Когда он закончил приводить комнату в порядок, сил почти не осталось. Он слышал шаги в коридоре и как где-то в доме открывались двери – жильцы других квартир возвращались с работы. Они, как и он, жили одни. Он не знал ни одного из них по имени; никто из них, увидев его в сопровождении полиции, не узнал бы его.
Он полностью разделся и вымылся в раковине, его яички были маленькими, как грецкие орехи, и плотно прилегали к телу, дряблый живот – жир грудей и предплечий – дрожал, когда холод сотрясал его. Удовлетворенный своей чистотой, он сел на край матраса и подстриг ногти на ногах. Затем переоделся в свежевыстиранную одежду: голубую рубашку, серые брюки. На нем не было ни обуви, ни носков. Он стыдился своего тела, его единственной гордостью были ступни.
К тому времени, как он закончил приготовления, почти стемнело, ночь была черной и дождливой. «Пора уходить», – подумал он.
Осторожно поставил стул, взобрался на него и потянулся за веревкой. Петля была, пожалуй, на дюйм или два выше, чем нужно, и ему пришлось встать на цыпочки, чтобы плотно затянуть ее на шее. Он надежно закрепил петлю, слегка маневрируя. Как только узел туго затянулся, прочел молитву и опрокинул стул.
Паника началась немедленно. Его руки, которым он всегда доверял, предали его в этот жизненно важный момент: рванулись к затягивающейся петле, пытаясь ее сдернуть. Падение не сломало шею, но хребет превратился в огромную сороконожку, вшитую в спину, которая теперь извивалась всеми возможными способами, вызывая судороги в ногах. Боль оказалась наименьшей из проблем: по-настоящему мучительным было утратить контроль; обонять смрад опорожненного кишечника, против его воли извергнувшегося в чистые брюки; чувствовать, как пенис затвердел без единой похотливой мысли в лопающейся голове и как пятки бьют по воздуху в поисках опоры, а пальцы впиваются в веревку. Все будто перестало ему принадлежать и слишком пылко сражалось за собственную сохранность, чтобы застыть и умереть.
Но все усилия тела были напрасны – он слишком тщательно все спланировал, чтобы дело пошло наперекосяк. Веревка сильнее натягивалась, конвульсии сороконожки ослабевали.
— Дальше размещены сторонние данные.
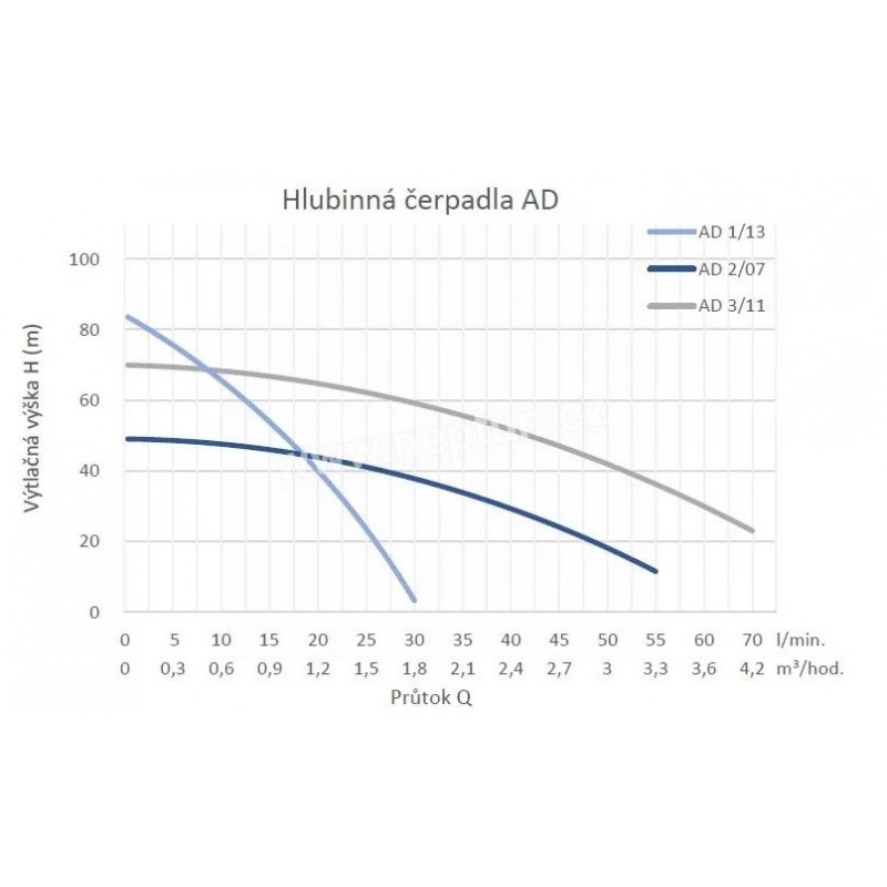 Hlubinné 4" ponorné čerpadlo pro hluboké vrty až do ponoru 250 m. Čerpadlo s vysoce kvalitním motorem vyrobeným v ČR s dlouhou životností, vhodné i pro nejnáročnější aplikace. Vyrobeno z nerezové oceli odolné proti korozi a otěru. Čerpadla řady AD splňují nejvyšším nároky na energetickou účinnost. Vhodné pro čerpání čisté vody, pro dodávky vody do domu, zavlažování a další aplikace. Maximální průtok 1,8-4,2 m3/hod a maximální výtlak 48-104 m.

Жизнь, этот незваный гость, скоро уйдет. В голове у него было очень шумно, будто он находился под землей и слышал все звуки, какие она производила. Шорохи, рев мощных скрытых потоков, бульканье расплавленного камня. Брир, великий Пожиратель Бритв, очень хорошо знал землю. Он слишком часто хоронил в ней мертвую красоту и набивал рот почвой в знак раскаяния за содеянное, пережевывал, когда накрывал их пастельные тела. Теперь шум земли заглушил все – его судорожное дыхание, музыку из радиоприемника и гул уличного движения за окном. Зрение тоже ухудшилось: кружевная тьма поползла по комнате, ее узоры пульсировали. Он знал, что поворачивается – видел то кровать, то шкаф, то раковину, – но очертания, которые урывками замечал, становились все более расплывчатыми.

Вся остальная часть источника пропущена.